Marco Montanari of Deutsche Bank explains the potential for using high-dividend paying stocks in ETFs as a theme for adding value.
Date: May 2011
There are two main reasons for this – first, yields are very low, and secondly, the last 10 years’ performance shows that value stocks have outperformed other types of equities.
When looking at a sub-index such as the MSCI Asia ex-Japan high-dividend, for example, it outperformed on an annual basis by more than 3%, said Montanari.
And then looking at rolling one-year investments, 70% of the time over the past 10 years investors would have got a better return through buying the high-dividend index, he added.
Further, Asia has some of the highest dividend-paying stocks globally.
The potential for high-dividend stocks within ETFs
On the private banking and discretionary side of the ETF business, Montanari said that many managers have been working on funds with high-dividend stocks as underlyings.
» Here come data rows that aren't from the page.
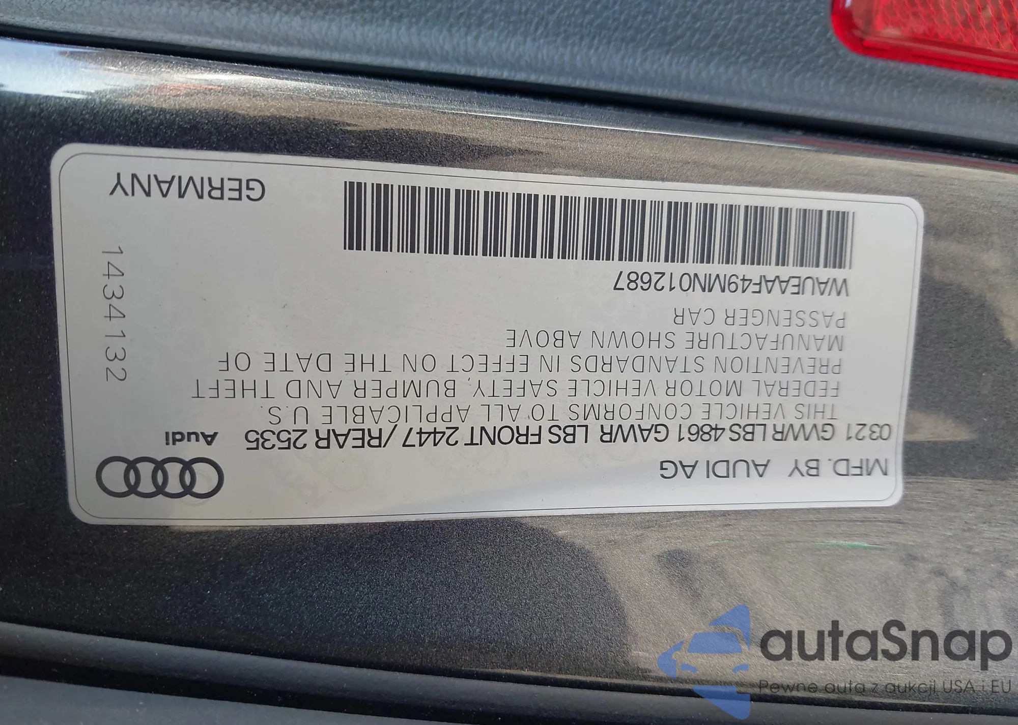 • VIN: WAUEAAF49MN012687
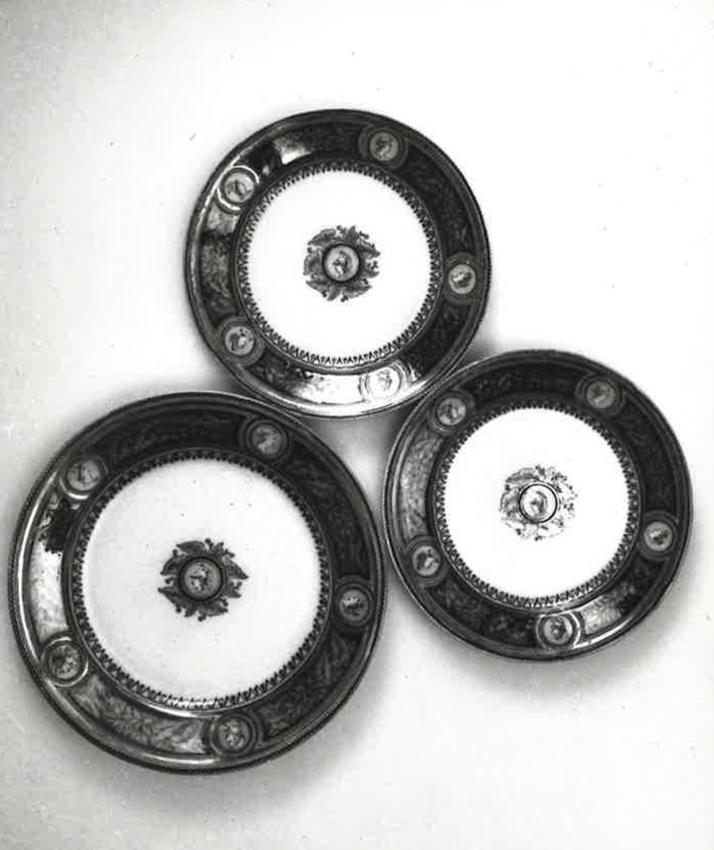 Delar ur servisen "Minerva", i flintgods (ironstone) med tryckt dekor i brunt och blått, dessutom guld och lyster över glasyren. En terrin med lock och tre tallrikar.
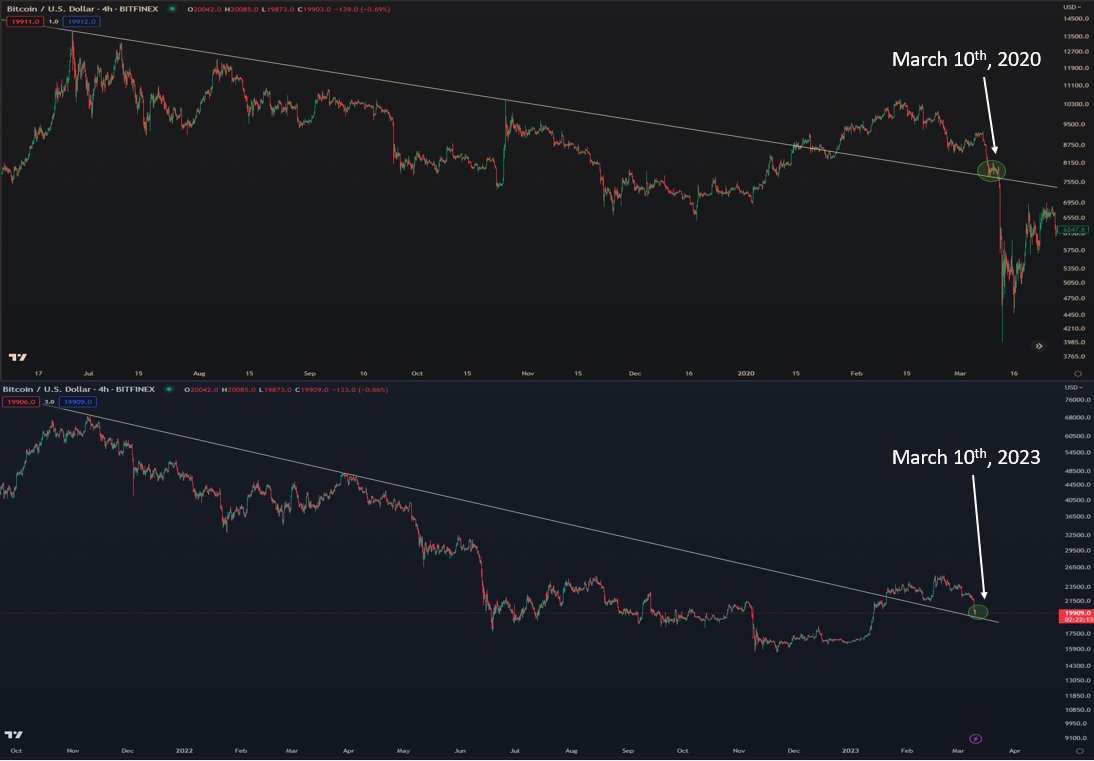Theo trader, hành động giá gợi nhớ đến cách mà Bitcoin di chuyển vào đầu năm 2020 khi nó tăng từ khoảng 6.000 USD lên 10.000 USD và sau đó quay trở lại mức 3.000 USD vào tháng 3 cùng năm.

He said he expects this segment to continue to grow because during market downturns, stocks paying higher dividends have been able to limit the losses to a certain extent through their dividends.
To create the ETF, managers don’t just pick the stocks which pay the highest dividend, he explained. Instead their analysis is much more robust.
For example, they take the main index first and exclude any REITs. Their screening process then involves them removing stocks whose earnings are too low, to avoid artificially inflating any dividends, as well as those stocks whose dividends are too high and which are therefore not sustainable.
They then pick the stocks where the dividends are at least 30% higher than the average level for the index.
As a result, said Montanari, it is not about picking the stocks with the highest dividends once every three years – rather a bi-annual rebalancing based on these rules.
It is something which would take individual investors a lot of time to do a similar thing manually, he said.
Actively-managed ETFs
According to Montanari, 80% of the ETF investor base in Europe and Asia is institutional, which use the product as an asset allocation tool to implement their view.
If there is a product, therefore, which already tries to do this job for them, it will be difficult for them to invest in because it will be almost impossible to predict what these investors will want from the ETF specifically.